Objective: Chromosomal microarray is a diagnostic test that could detect copy number variations (CNV) with a higher resolution than G-banding. The aim of this study is to determine the contribution of microarray test to diagnosis in dysmorphic patients.

Material and Method: Microarray test results of 236 dysmorphic patients aged between 1 month and 48 years, who were followed up in the Medical Genetics outpatient clinic between January 2017 and December 2019, with intellectual disability, developmental delay, and/or multiple congenital anomaly and of 74 parents were evaluated retrospectively.

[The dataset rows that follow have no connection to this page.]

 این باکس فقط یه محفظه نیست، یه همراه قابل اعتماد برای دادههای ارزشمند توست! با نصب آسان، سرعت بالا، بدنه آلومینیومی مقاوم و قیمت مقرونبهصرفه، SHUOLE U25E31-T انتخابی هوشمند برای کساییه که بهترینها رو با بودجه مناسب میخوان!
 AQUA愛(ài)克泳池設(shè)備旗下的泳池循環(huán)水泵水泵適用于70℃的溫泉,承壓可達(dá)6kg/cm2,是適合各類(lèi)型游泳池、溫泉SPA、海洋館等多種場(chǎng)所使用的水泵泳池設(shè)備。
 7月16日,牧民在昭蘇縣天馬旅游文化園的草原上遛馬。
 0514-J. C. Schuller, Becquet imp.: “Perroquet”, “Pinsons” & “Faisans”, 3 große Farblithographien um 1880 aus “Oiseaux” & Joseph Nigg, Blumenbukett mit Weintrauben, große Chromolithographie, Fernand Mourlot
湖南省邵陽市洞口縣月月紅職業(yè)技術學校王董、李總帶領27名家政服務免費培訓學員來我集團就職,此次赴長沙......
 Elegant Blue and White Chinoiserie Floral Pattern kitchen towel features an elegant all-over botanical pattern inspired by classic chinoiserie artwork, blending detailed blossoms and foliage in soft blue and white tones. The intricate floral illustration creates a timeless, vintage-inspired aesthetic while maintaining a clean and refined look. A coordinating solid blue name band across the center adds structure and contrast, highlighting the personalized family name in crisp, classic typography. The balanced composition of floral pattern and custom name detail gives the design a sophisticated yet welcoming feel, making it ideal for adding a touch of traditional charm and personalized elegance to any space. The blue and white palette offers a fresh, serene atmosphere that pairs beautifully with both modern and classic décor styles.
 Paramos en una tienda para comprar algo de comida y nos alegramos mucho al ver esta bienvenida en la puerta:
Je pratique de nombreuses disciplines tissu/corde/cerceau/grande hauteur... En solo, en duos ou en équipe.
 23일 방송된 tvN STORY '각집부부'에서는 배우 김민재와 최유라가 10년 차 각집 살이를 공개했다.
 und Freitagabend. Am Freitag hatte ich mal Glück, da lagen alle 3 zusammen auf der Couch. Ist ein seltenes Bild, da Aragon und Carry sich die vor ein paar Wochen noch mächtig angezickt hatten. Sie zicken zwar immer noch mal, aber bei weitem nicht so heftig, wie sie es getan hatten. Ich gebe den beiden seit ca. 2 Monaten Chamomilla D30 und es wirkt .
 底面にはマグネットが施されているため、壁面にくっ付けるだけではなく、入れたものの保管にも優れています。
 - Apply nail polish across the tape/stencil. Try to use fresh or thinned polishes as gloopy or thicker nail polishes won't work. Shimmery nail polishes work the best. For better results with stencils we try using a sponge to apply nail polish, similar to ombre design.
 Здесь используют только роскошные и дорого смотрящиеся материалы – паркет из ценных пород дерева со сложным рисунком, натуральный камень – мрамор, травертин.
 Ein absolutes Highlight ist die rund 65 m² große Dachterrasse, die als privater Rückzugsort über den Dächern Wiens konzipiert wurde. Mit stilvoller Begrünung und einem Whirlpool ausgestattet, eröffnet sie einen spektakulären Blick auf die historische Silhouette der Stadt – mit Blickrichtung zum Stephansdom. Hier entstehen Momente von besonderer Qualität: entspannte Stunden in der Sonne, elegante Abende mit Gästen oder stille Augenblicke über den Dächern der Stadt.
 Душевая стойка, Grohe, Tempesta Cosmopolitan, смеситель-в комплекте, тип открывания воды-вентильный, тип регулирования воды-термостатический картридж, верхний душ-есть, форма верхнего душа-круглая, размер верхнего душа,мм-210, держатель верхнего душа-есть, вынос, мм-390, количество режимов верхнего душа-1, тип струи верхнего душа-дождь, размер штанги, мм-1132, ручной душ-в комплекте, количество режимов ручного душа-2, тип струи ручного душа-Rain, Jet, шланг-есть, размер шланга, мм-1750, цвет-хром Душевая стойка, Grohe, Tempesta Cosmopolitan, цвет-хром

Results: In this study, it consisted of 236 dysmorphic patients, 139 (58.9%) of which were boys and 97 (41.1%) were girls. Thirty patients had a pathogenic variant, 2 patients had a likely pathogenic variant, 53 patients had a variant of unknown clinical significance and 3 patients had a benign variant. Pathogenic or likely pathogenic CNV was detected in 13.6% of 236 dysmorphic patients. By detecting well-defined genetic syndromes in 15 patients, the patients were diagnosed. It was observed that 87.5% of pathogenic and possibly pathogenic CNVs were deletions and 12.5% were duplications. When CNVs are evaluated in terms of localization sites; 72 were localized to the autosomal chromosomes, 8 to the X chromosome, and 8 to the Y chromosome.

Conclusion: The use of microarray-based tests instead of G-banding in dysmorphic patients with intellectual disability, developmental delay, and/or major congenital anomalies could be recommended as the first diagnostic test, as this group of patients can be diagnosed earlier. Thus, genetic counseling may be given to these patients, who are diagnosed in a short time, and supportive/therapeutic approaches may be initiated.